The appliance stores data on local storage hardware, while uploading backup snapshots to Amazon's cloud. This provides low-latency access to data and off-site backups in the cloud, Amazon wrote in a blog post.
There is no limit to the amount of storage that a single gateway can upload to Amazon's S3 (Simple Storage Service). But each gateway can handle up to 12 TB of local storage and up to 12 storage volumes. Those that need more local capacity can ask Amazon for special permission, according to a FAQ that details the service.
Amazon also plans to add what it calls gateway-cached volumes in the coming months.
Data written to those volumes will be stored using S3, with only a cache of recently written and frequently accessed data stored on the local hardware. Gateway-cached volumes will allow enterprises to use Amazon's cloud for data where higher latencies are acceptable, it said.
At present, the appliance is only configurable via the AWS Management Console.
Enterprises that want to use Storage Gateway pay a monthly fee of US$125 per activated gateway. Added to that is the cost of storage capacity used by the snapshots, and traffic out of Amazon's cloud.
The snapshots are stored and billed as Amazon EBS (Elastic Block Store) snapshots, which cost from $0.14 per GB per month.

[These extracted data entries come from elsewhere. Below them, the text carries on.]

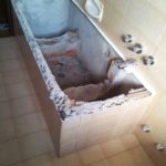 Rimozione completa della vecchia vasca da bagno e muri di sostegno, senza danni ai rivestimenti perimetrali.
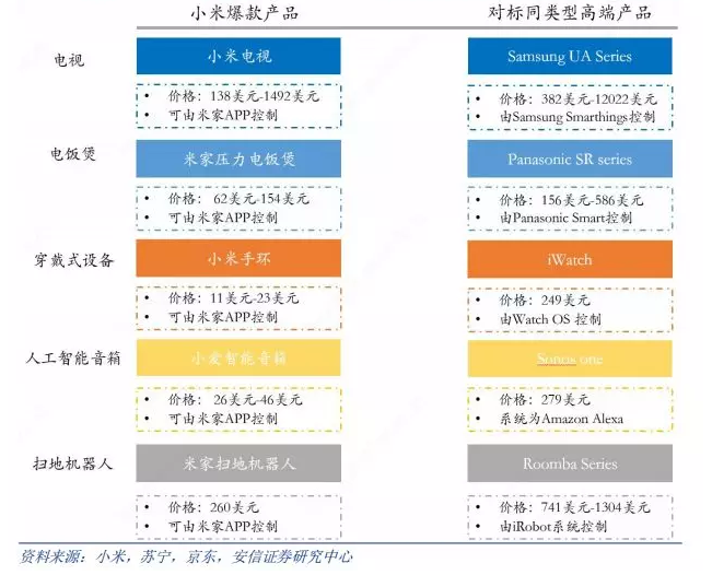 在手机、电视等偏传统智能设备中,小米价格向来都以性价比扬名,拥有广泛的用户基础。从电视到扫地机器人,小米的爆款产品,有些甚至是同类型高端产品的十分之一价格。
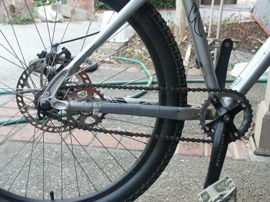 Кстати, идея Ивана может позволить отказаться и от сопли-натяжителя, и от "моего" дополнительного куска цепи с замком. Неточности сгладятся перемещением задней оси в стандартных дропах.

The cost of data transfer drops as the amount of data increases: Up to 10 TB of transferred data in one month costs $0.12 per GB, and the next 40 TB costs $0.09 per GB. Rate tiers are chosen based on aggregate usage across multiple Amazon services, including EC2 (Elastic Compute Cloud), S3 and VPC (Virtual Private Cloud).
There is also a free usage tier that allows enterprises to test the service for a limited time without being charged.